Patent Publication Number: US-5524552-A

Title: Single axle truck for large railroad cars

Description:
BACKGROUND OF THE INVENTION 
     The invention relates to railroad car trucks or boogies, especially single axle trucks which are manufactured by National Castings Incorporated of Chicago, Ill. under the trademark UNITRUCK. These single axle trucks are mainly used on trailer carrying flat cars (TOFC) and container carrying flat cars (COFC), or on the end cars of articulated bulk load carrying railroad cars, and are rigidly secured to the structural steel framework of the bottom or under carriage of each one of the cars, closest the trackway along which the cars move. Unlike the more commonly used dual axle truck, this single axle truck has for all practical purposes, no steering capability, since its so-called passive steering is limited to about one and one-half degrees measured from either side of a horizontal axis which is normal to the longitudinal axis of a railroad car, when the car is resting on a horizontal trackway. 
     Current freight cars, up to about fifty feet long with truck centers of about thirty-six feet and equipped with single axle trucks of such limited passive steering, can negotiate the curves of existing trackways in the United States without derailing. However, freight cars are ever increasing, in size, some to about ninety feet, in length, to accommodate larger and heavier loads which railway companies are being asked to transport. To use existing, rigidly connected single axle trucks on such extra long freight cars would be prohibitive and cause derailment of the freight cars, since these trucks do not have the steering capability to negotiate such curves. 

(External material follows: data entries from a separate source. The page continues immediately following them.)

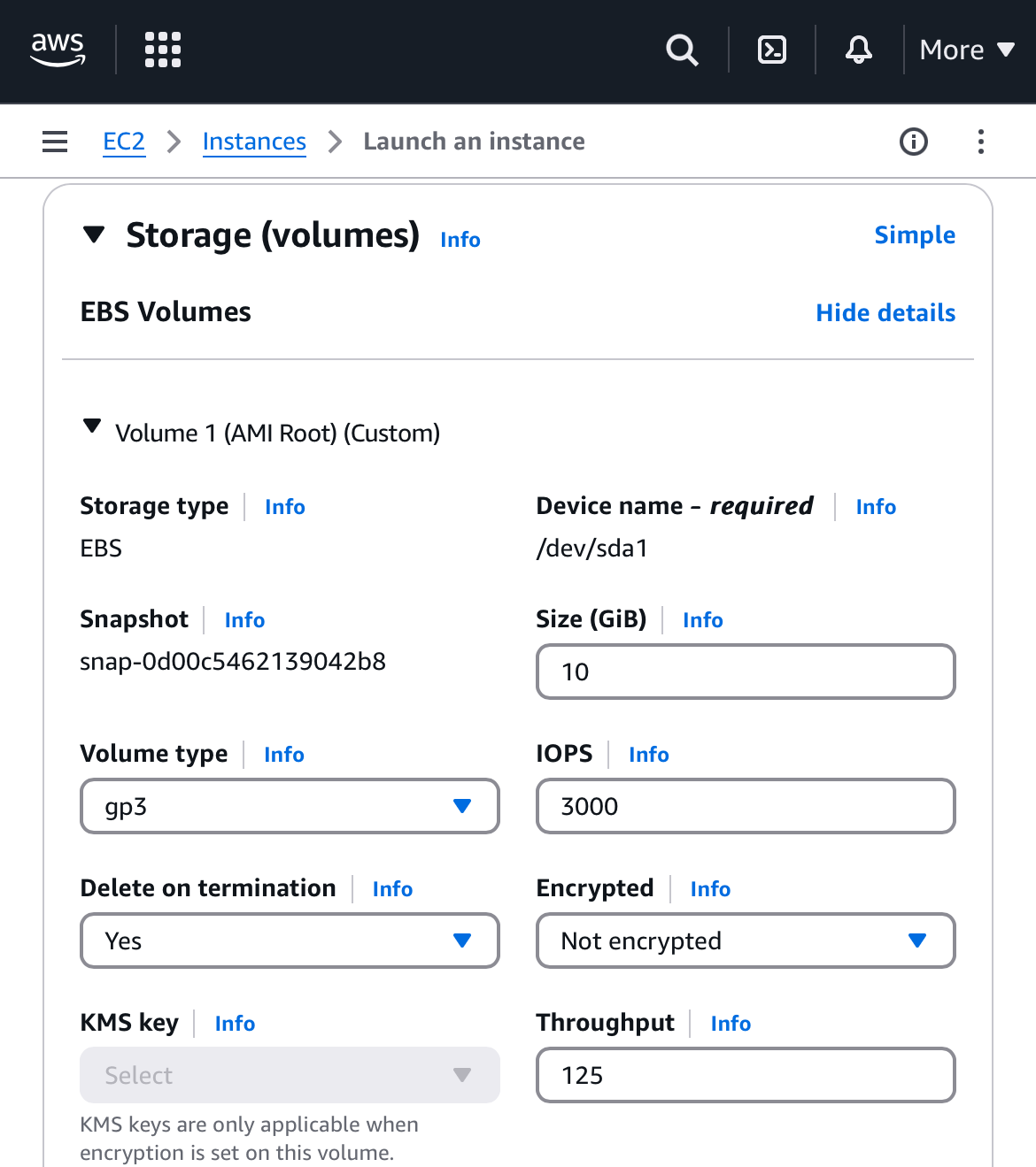 Advenced 를 선택하면 위 사진과 같이 세부적으로 설정할 수 있는데 Delete on termination 은 EC2인스턴스를 종료하면 그 볼륨도 삭제될 것이라는 것을 의미한다.
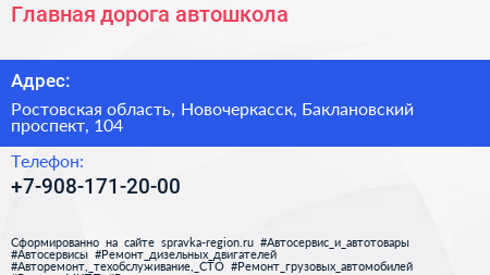 Главная дорога, автошкола по адресу Ростовская область, Новочеркасск, Баклановский проспект, 104 в дальнейшем Организация, размещена в следующих категориях:
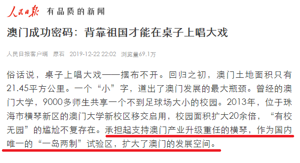 人民日报昨日发文点评澳门成功密码。全国唯一的“一岛两制”试验区,承载着澳门产业升级的希望。

     Thus, railroad car builders and the railway companies are faced with two alternate choices. The first choice is to use a dual axle truck at each end of these extra long freight cars, instead of the single axle truck, but this literally doubles the number of wheels, axles and associated parts required in the make up of a train of freight cars. The second choice is to use a single, dual axle truck between adjacent, extra long freight cars, but this presents a problem when freight cars are uncoupled from one another, since at least one end of an uncoupled freight car becomes unsupported for a period of time. The invention is designed to overcome such problems. 
     Briefly stated, the invention is in a device which is used at either end of a railroad car for supporting the car as it moves along a trackway. The device includes a single axle truck which is firmly secured to a rigid, structural steel subframe which, in turn, is rotatably mounted to the structural steel framework of the under carriage of the freight car at each end of the car. Each one of the rotatable, rigid subframes is provided with one or a pair of steering arms which are designed to engage either a single drawbar or an interlocking, rigid jaw or knuckle type coupler, both of which are used to couple adjacent freight cars together. 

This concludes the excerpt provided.